Required work: Return the data below unchanged, without images.

** Opening Data extract block **

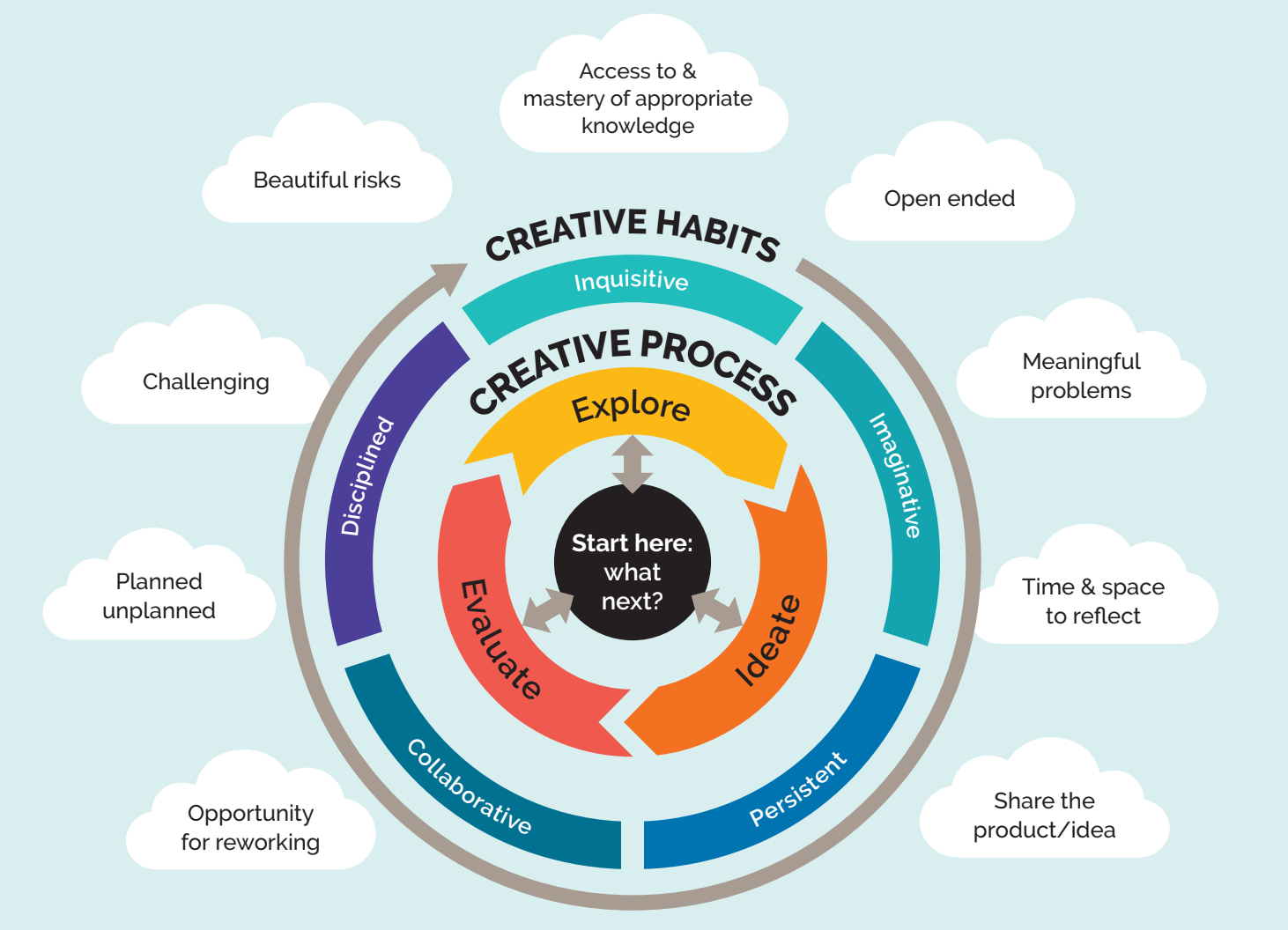 We developed the cycle of creative process stages, explore - ideate - evaluate, which is supported by selective engagement of creative habits (inquisitive, imaginative, collaborative, persistent, disciplined). For instance, collaborative habits might initially support the ‘explore’ creative process stage, by working with others to gather information to better understand a creative task. Then later support the ‘evaluate’ stage through obtaining peer feedback on an idea. The clouds signify general principles for the design of creative learning opportunities.
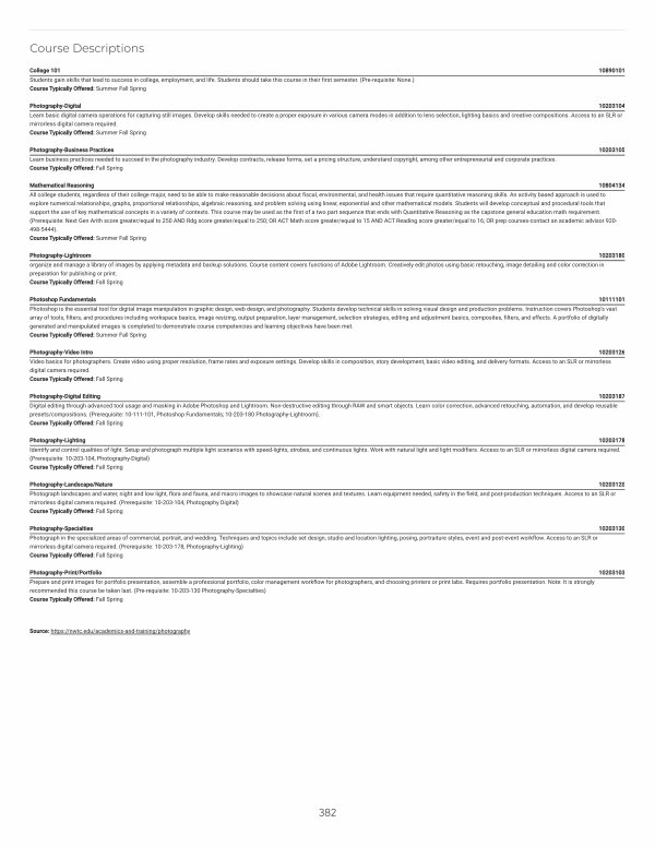 Photography-Print / Portfolio 10203103 Prepare and print images for portfolio presentation, assemble a professional portfolio, color management workflow for photographers, and choosing printers or print labs. Requires portfolio presentation. Note: It is strongly recommended this course be taken last.( Pre-requisite: 10-203-130 Photography-Specialties) Course Typically Offered: Fall Spring
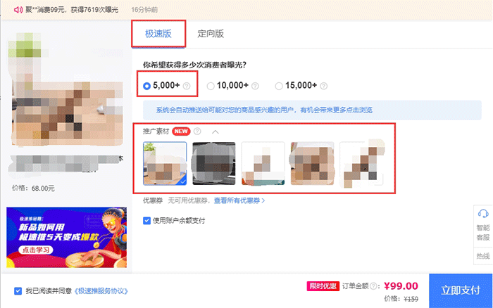 2、曝光量:选择5000+(99元),这相当于一个试探性的投放(极速推的流量推送逻辑是:第一次投放时会基于你当前宝贝的标题及图片来识别你推广的产品,从而广泛的为你匹配展现机会;

** Closing Data extract block **

Answer for the task:
 We developed the cycle of creative process stages, explore - ideate - evaluate, which is supported by selective engagement of creative habits (inquisitive, imaginative, collaborative, persistent, disciplined). For instance, collaborative habits might initially support the ‘explore’ creative process stage, by working with others to gather information to better understand a creative task. Then later support the ‘evaluate’ stage through obtaining peer feedback on an idea. The clouds signify general principles for the design of creative learning opportunities.
 Photography-Print / Portfolio 10203103 Prepare and print images for portfolio presentation, assemble a professional portfolio, color management workflow for photographers, and choosing printers or print labs. Requires portfolio presentation. Note: It is strongly recommended this course be taken last.( Pre-requisite: 10-203-130 Photography-Specialties) Course Typically Offered: Fall Spring
 2、曝光量:选择5000+(99元),这相当于一个试探性的投放(极速推的流量推送逻辑是:第一次投放时会基于你当前宝贝的标题及图片来识别你推广的产品,从而广泛的为你匹配展现机会;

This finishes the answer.